## ABOUT THIS EXERCISE:
The required answer is an exact copy of the records below, without pictures.

(Stored items from a collection)

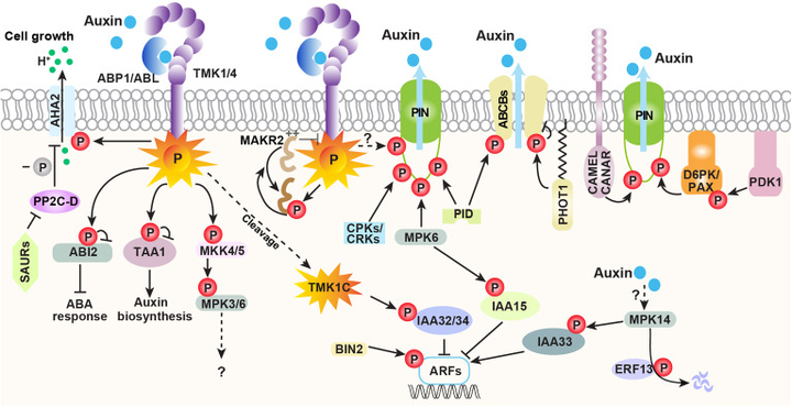 4. Henrichs S, et al. 2012. Regulation of ABCB1/PGP1-catalysed auxin transport by linker phosphorylation. EMBO J.4. Kim SH, et al. 2022. Phosphorylation of the auxin signaling transcriptional repressor IAA15 by MPKs is required for the suppression of root development under drought stress in Arabidopsis. Nucleic Acids Res.
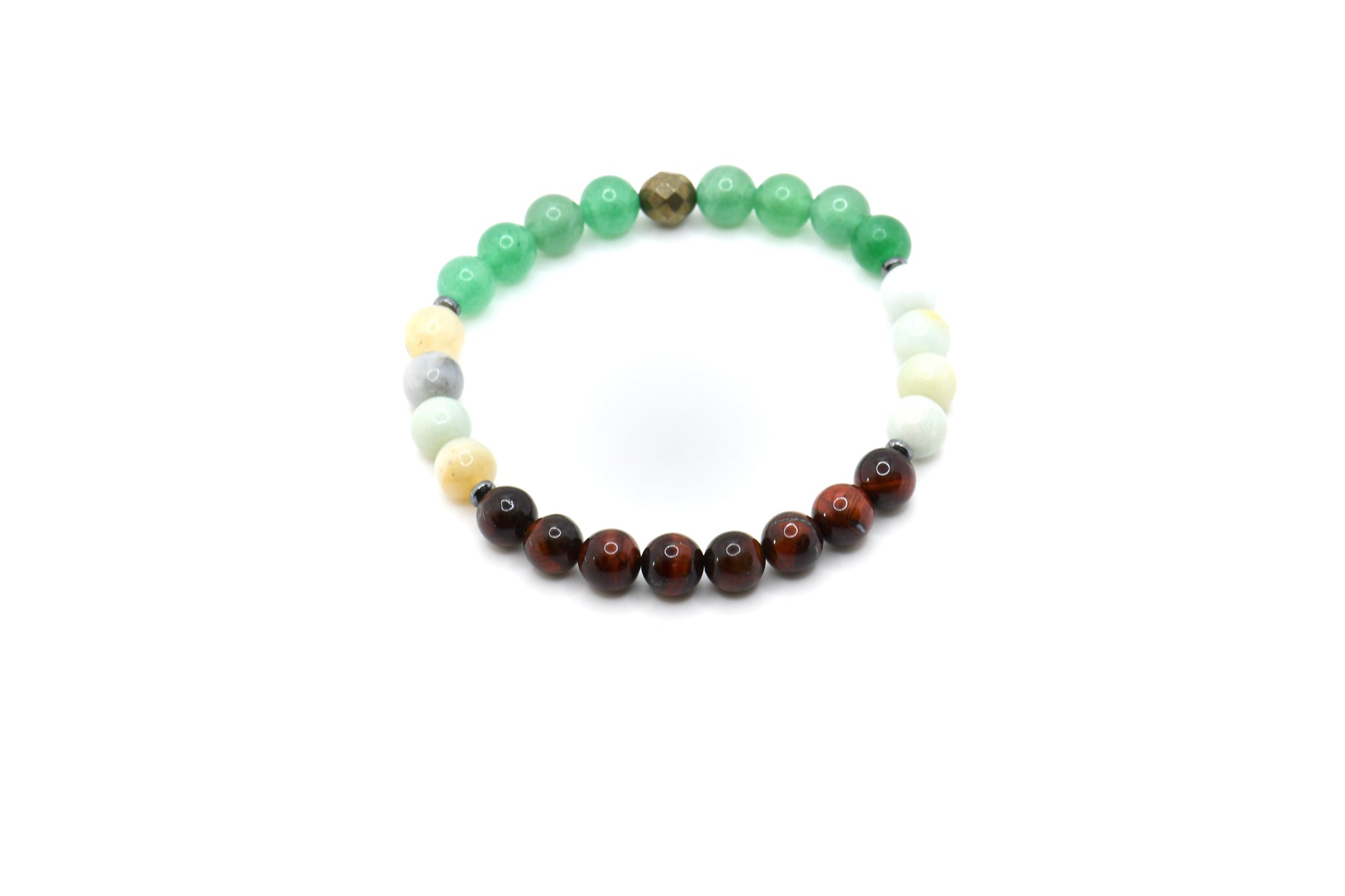 Combining Green Aventurine, Pyrite, Hematite, Amazonite, and Red Tiger Eye in a bracelet creates a powerful synergy of energies, promoting prosperity, grounding, emotional healing, and personal strength.
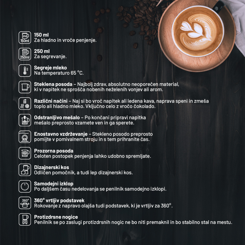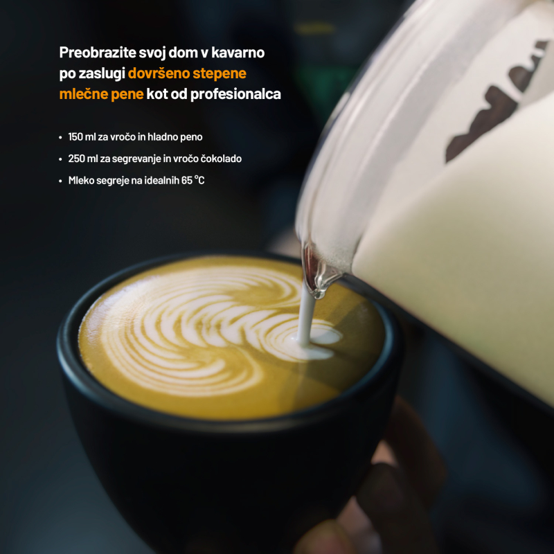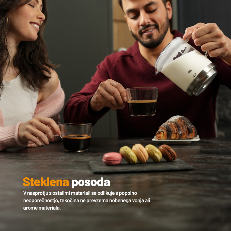 Uživajte v popolni mlečni peni, kot bi jo pripravil profesionalni barista, kar v udobju vašega doma. Ta izjemen penilec mleka omogoča pripravo tako tople kot hladne pene, s čimer lahko ustvarite različne napitke po vašem okusu. Steklena posoda omogoča spremljanje celotnega postopka priprave, kar zagotavlja natančnost in kakovost vsakega napitka. Poleg tega je posoda enostavna za čiščenje, saj jo lahko pomijete v pomivalnem stroju. S svojo tiho funkcionalnostjo ne bo motil vašega miru ali okolice, kar ga naredi idealnega za uporabo v vsakem trenutku dneva.
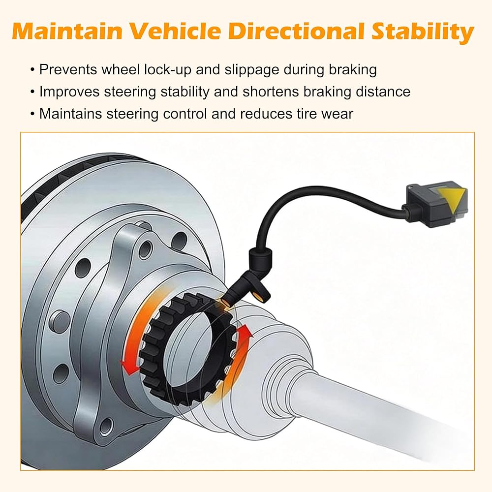 • Improved Steering Stability: ABS Wheel Speed Sensor can maintain vehicle directional stability, prevent wheel lock-up and slippage during braking, shorten braking distance, maintain steering control force, and reduce tire wear.
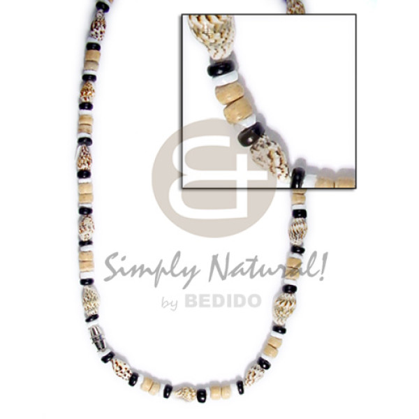 graduated coco heishe nat. brown white clam combination..
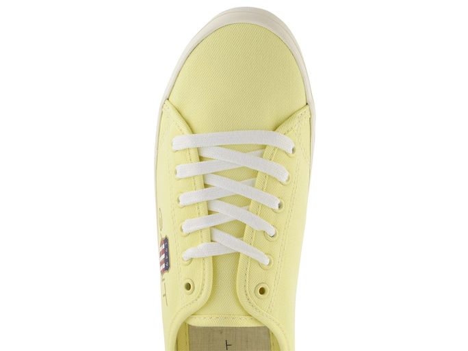 Objevte kouzlo dámských plátěnek ve světle žluté barvě od renomované značky Gant. Tyto tenisky jsou ideální volbou pro jarní a letní sezónu. Díky jejich prostorné kulaté špičce a pevnému plátnovému materiálu se budete cítit pohodlně po celý den. Pastelově žlutá barva dodává botám svěží a moderní vzhled, zatímco dominantní logo značky Gant zaručuje styl a kvalitu.

## OUTPUT OF THE EXERCISE:
 4. Henrichs S, et al. 2012. Regulation of ABCB1/PGP1-catalysed auxin transport by linker phosphorylation. EMBO J.4. Kim SH, et al. 2022. Phosphorylation of the auxin signaling transcriptional repressor IAA15 by MPKs is required for the suppression of root development under drought stress in Arabidopsis. Nucleic Acids Res.
 Combining Green Aventurine, Pyrite, Hematite, Amazonite, and Red Tiger Eye in a bracelet creates a powerful synergy of energies, promoting prosperity, grounding, emotional healing, and personal strength.
 Uživajte v popolni mlečni peni, kot bi jo pripravil profesionalni barista, kar v udobju vašega doma. Ta izjemen penilec mleka omogoča pripravo tako tople kot hladne pene, s čimer lahko ustvarite različne napitke po vašem okusu. Steklena posoda omogoča spremljanje celotnega postopka priprave, kar zagotavlja natančnost in kakovost vsakega napitka. Poleg tega je posoda enostavna za čiščenje, saj jo lahko pomijete v pomivalnem stroju. S svojo tiho funkcionalnostjo ne bo motil vašega miru ali okolice, kar ga naredi idealnega za uporabo v vsakem trenutku dneva.
 • Improved Steering Stability: ABS Wheel Speed Sensor can maintain vehicle directional stability, prevent wheel lock-up and slippage during braking, shorten braking distance, maintain steering control force, and reduce tire wear.
 graduated coco heishe nat. brown white clam combination..
 Objevte kouzlo dámských plátěnek ve světle žluté barvě od renomované značky Gant. Tyto tenisky jsou ideální volbou pro jarní a letní sezónu. Díky jejich prostorné kulaté špičce a pevnému plátnovému materiálu se budete cítit pohodlně po celý den. Pastelově žlutá barva dodává botám svěží a moderní vzhled, zatímco dominantní logo značky Gant zaručuje styl a kvalitu.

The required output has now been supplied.